First, this study involved a relatively small number of patients and was conducted at a single centre. In addition, patients with unstable hemodynamic condition on admission and no available echocardiographic data, as well as patients who died during hospitalization, were excluded. Therefore, it cannot be denied that selection bias has affected the results. Second, we only assessed platelet reactivity immediately after the PCI procedure and did not follow‐up on residual platelet reactivity during treatment. However, a single measurement may not be sufficient to clarify the relationship between platelet reactivity and LVR. Hence, serial measurement of platelet reactivity are required to clarify the optimal timing of platelet reactivity.

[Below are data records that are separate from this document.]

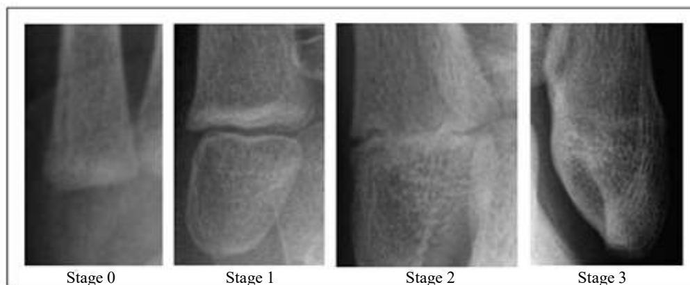
Figure 2. Ossification stages of the distal fibula.

In this study, 181 patients were recruited, consisting of 107 males and 74 females. In 21 out of 181 cases (11.6%), two or more visits to the hospital with repeated radiological examination were found. As a result, a total of 217 ankle radiographs were eligible for the study. As shown in Table 1, the distribution of the subjects by age and sex is present.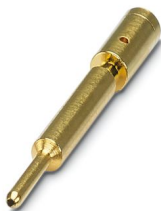
Crimp contact, Pin, turned, Single contact, contact diameter: 1 mm, crimp range: 0.5 mm 2 ... 1 mm 2

Please be informed that the data shown in this PDF document is generated from our online catalog. Please find the complete data in the user documentation. Our general terms of use for downloads are valid.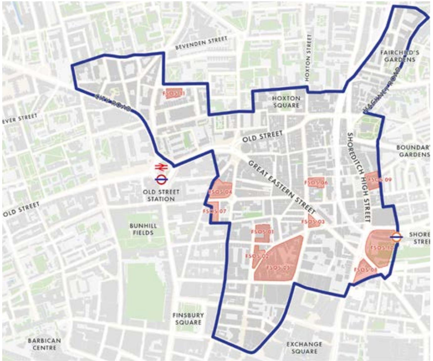
Figure 6. Future Shoreditch AAP boundary

The draft plan provides detailed planning and design guidance on the preferred use(s), mix, scale, height, massing, and accessibility of future development for eleven opportunity sites.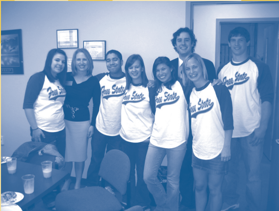
KU Credit Union sponsored the “Homestretch Senior Transition” workshop for Lawrence Free State High School students.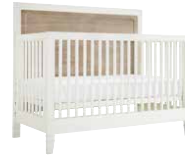
CONVERTIBLE CRIB 5321310 / 56w x 30d x 48h Shown on page: 36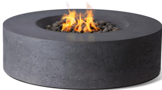
Charcoal Grey shown above GE-CH-NG/LP

Genesis is inspired by mid century modern design and includes authentic Bali beach rock for a sophisticated style.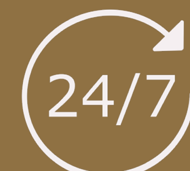
24/7 Security with CCTV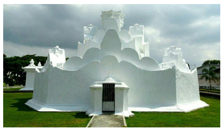
Figure 4. Gegunongan, a mountain-like building in Taman Ghairah

Brakel, like Linehan and Sumukti, is more inclined towards Hindu buildings because of the shape of the mountain, like a pewayangan (puppet) (Linehan, 1951; Sumukti, 1997). However, Shiraishi disagreed with the three because the gegonungan and Taman Ghairah were bright white like bright white blood (Shiraishi, 1990, p. 47) as mentioned in Hikajat Atjeh (Iskandar, 1959, p. 116). Apart from the archaeological analysis, gegunongan and Taman Ghairah are manifestations of the power of the 'Sultan' in Aceh. Reid asserted that the era of Ala'uddin Ri'ayat Shah had given birth to an 'absolute' system of government, culminating in the Iskandar Muda era (1604-1636) (Iskandar, 1980; Lombard, 1986b). This is a sign of the rise of Islam in the Aceh Malay region, which is oriented towards the sultanate system (Burhanudin, 2006), with the Sufism foundation that the sultan must be a "perfect human" (insān al-kāmil) as a title of praise for the 'almighty' sultan who has achieved the highest degree in royal social and political discourse (Reid, 2004). So that, Wessing's findings state gegunongan is the pinnacle of veneration for Sultan Iskandar Muda as a place of meditation in holding his insān al-kāmil title (Wessing, 1988, pp. 177–178).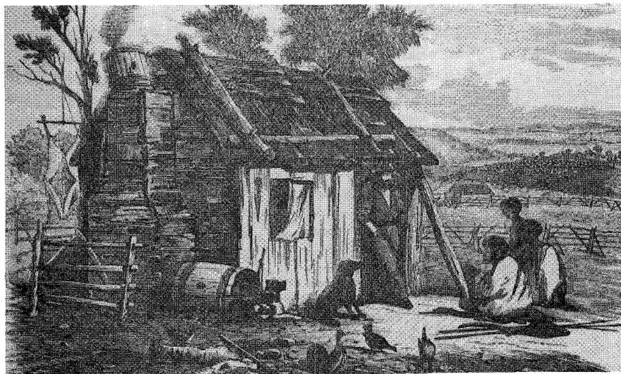
The convict Sheperd, in his bush stupor, meets the natives. This style of bark hut is typical of the outstations in which convicts lived.

Women, given a few months moral and technical training in Grangegorman, Dublin, before transportation, were considered more acceptable. In 1847, 22 Limerick women, double those of the previous year, were tried and transported without delay to Van Diemen's Land. In the next years, the respective numbers were: 1848 (50 men, 28 women), 1849 (68 men, 27 women), 1850 (17 men, 41 women), 1851 (4 men, 32 women), 1852 (1 man, 3 women). Thus in the final stages of transportation from Limerick to Van Diemen's Land, women outnumbered the men.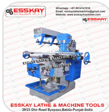
Universal Milling Machine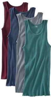
Marina ribbed undershirt

It is because of these situations that Sanda Marina, the Intermittent/Interloper Devel who came to know about their existence, as she goes into their brain and body to search. Every man, penis one is to wear a “Marina” undershirt under their shirt to protect them against the Sanda Marina devel. The Marina undershirt has protection in it especially for the male types. The marina has a ribbed stretchable material that is not elastic. The marina is not to be white, green or cream color. It should be black, red blue, etc. There is also a marina type brief underwear to protect the cocky and the batty from Sanda Marina as well. Women can wear the Marina undershirt as well for protection.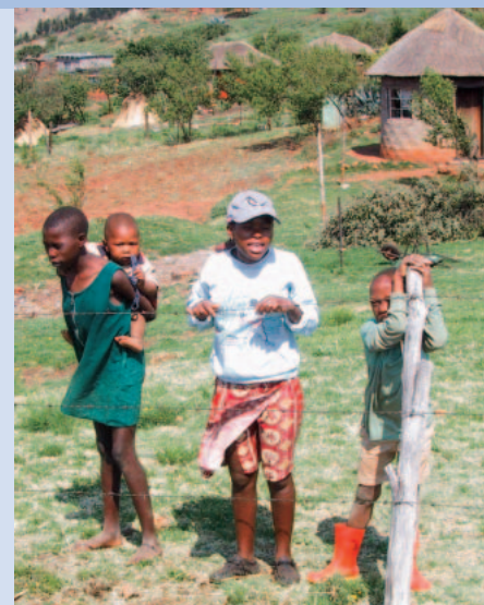
FIGURES 1 AND 2 Above: members of a community displaced and resettled as a result of dam construction in Lesotho. (Photo by Urs Wiesmann). Below: endangered spiral aloe ( Aloe polyphylla ) confined to mountains in Lesotho. (Photo courtesy of the International Rivers Network)

On a more positive note, much has changed for the better since the project began. The villagers have now organized themselves into small agricultural groups and produce cash crops. Good roads have greatly helped in bringing vegetables and other crops to market. The village group has now been together for more than 3 years. With the help of the Rural Empow-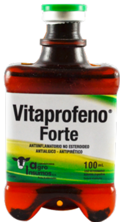
PRESENTATION Bottle of 100 ml

NON-STEROID ANTI-INFLAMMATORY. ANALGESIC-ANTIPYRETIC

Third, we evaluated platelet reactivity using VerifyNow, although other tests to measure platelet function have also been developed. 33 , 34 Further study using additional tests will be needed to better understand the mechanistic background of platelet activity and LVR. Fourth, in this study, the impact of STEMI or NSTEMI on the association of HPR with LVR was not statistically significant, probably due to the limited number of LVR. To confirm this, larger studies are warranted. Finally, there were some cases in which adherence to pharmacological therapy could not be followed.

Given the above, further prospective studies with larger numbers of patients and longer follow‐up periods are needed to confirm the findings of this study.

Conclusions

HPR immediately after PCI (platelet reactivity ≥245 PRU) was associated with the incidence of LVR in the chronic phase of AMI. Platelet reactivity in the acute phase may be a potential biomarker for predicting cardiac function in the chronic phase following an ischemic event. The role of antiplatelet therapy after ischemic events and its effect on inflammation in the myocardium are promising areas for further research.

Funding

This work was supported by the Japan Society for the Promotion of Science KAKENHI (grant number JP 19K08558).

Conflict of interest

The authors declare no conflicts of interest regarding the materials presented in this article.

Tsuji, M. , Kawai, Y. , Miyoshi, T. , Saito, E. , Kawamura, K. , Ono, T. , Tokioka, K. , Ohe, T. , Nakamura, K. , and Ito, H. (2022) High platelet reactivity is a predictor of left ventricular remodelling in patients with acute myocardial infarction. ESC Heart Failure, 9: 3565–3574. 10.1002/ehf2.14100.

Toru Miyoshi takes responsibility for all aspects of the reliability and freedom from bias of the data presented and their discussed interpretation.